DATA SECTION section start

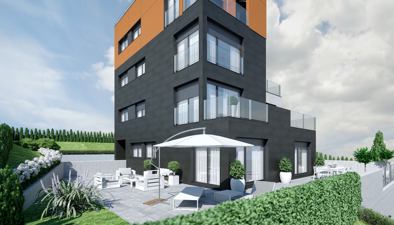 Na działce o powierzchni 800 m² z frontem do ulicy Ernest Lluch planuje się budynek z wentylowaną fasadą i porcelanowym wykończeniem, oferujący trzy rodzaje mieszkań: na parterze mieszkanie z 4 sypialniami, dużym tarasem i ogrodem w pobliżu basenu, dwa mieszkania z 3 i 4 sypialniami z południowymi tarasami na pierwszym i drugim piętrze oraz ekskluzywne mieszkanie na poddaszu z 3 sypialniami i południowymi tarasami na trzecim piętrze, obejmujące całą powierzchnię dachową budynku.
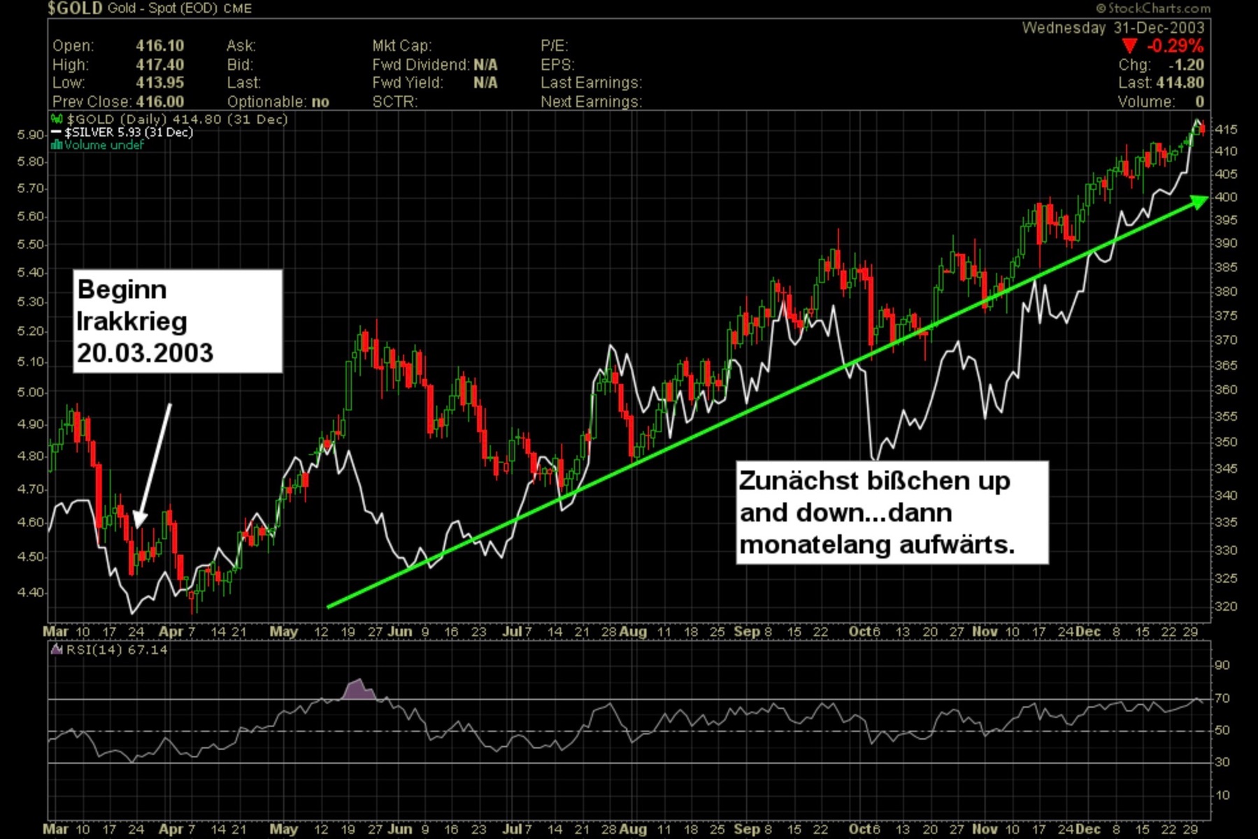 Schrieb Martin Siegel früher mehrfach in seinen Kommentaren, Sätze wie "Krieg ist schlecht für den Goldpreis." Hier mal aus neuerer Zeit, 2022:
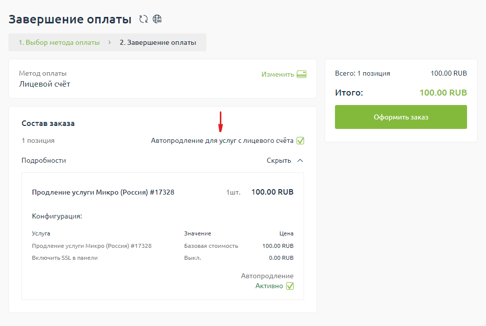 5. Завершаем оплату, выбираем при необходимости опцию Автопродления
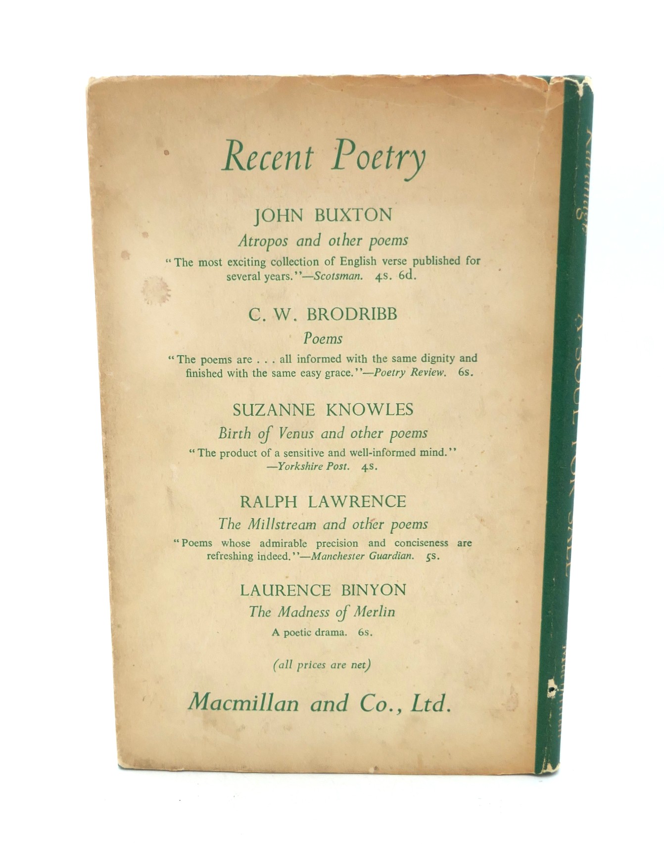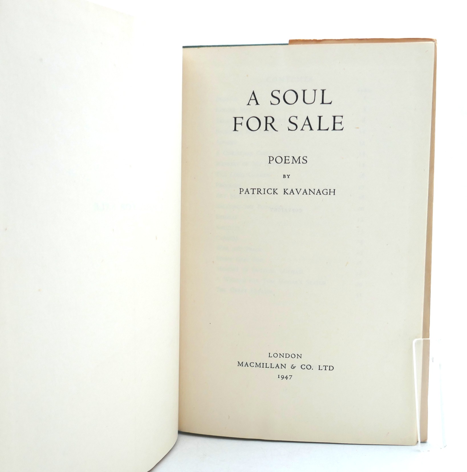 A Soul for Sale. Poems. London: Macmillan, 1947. First Edition. Pp, 54. Green cloth, title in gilt to spine, in green dust jacket printed in white. Shelf-wear to jacket & chipped along top edge, book in fine bright condition.

DATA SECTION section end

* **AIM OF THE TASK**
In the copy, include no pictures; everything else in the material should be written out exactly.

* **SOLUTION**
 Na działce o powierzchni 800 m² z frontem do ulicy Ernest Lluch planuje się budynek z wentylowaną fasadą i porcelanowym wykończeniem, oferujący trzy rodzaje mieszkań: na parterze mieszkanie z 4 sypialniami, dużym tarasem i ogrodem w pobliżu basenu, dwa mieszkania z 3 i 4 sypialniami z południowymi tarasami na pierwszym i drugim piętrze oraz ekskluzywne mieszkanie na poddaszu z 3 sypialniami i południowymi tarasami na trzecim piętrze, obejmujące całą powierzchnię dachową budynku.
 Schrieb Martin Siegel früher mehrfach in seinen Kommentaren, Sätze wie "Krieg ist schlecht für den Goldpreis." Hier mal aus neuerer Zeit, 2022:
 5. Завершаем оплату, выбираем при необходимости опцию Автопродления
 A Soul for Sale. Poems. London: Macmillan, 1947. First Edition. Pp, 54. Green cloth, title in gilt to spine, in green dust jacket printed in white. Shelf-wear to jacket & chipped along top edge, book in fine bright condition.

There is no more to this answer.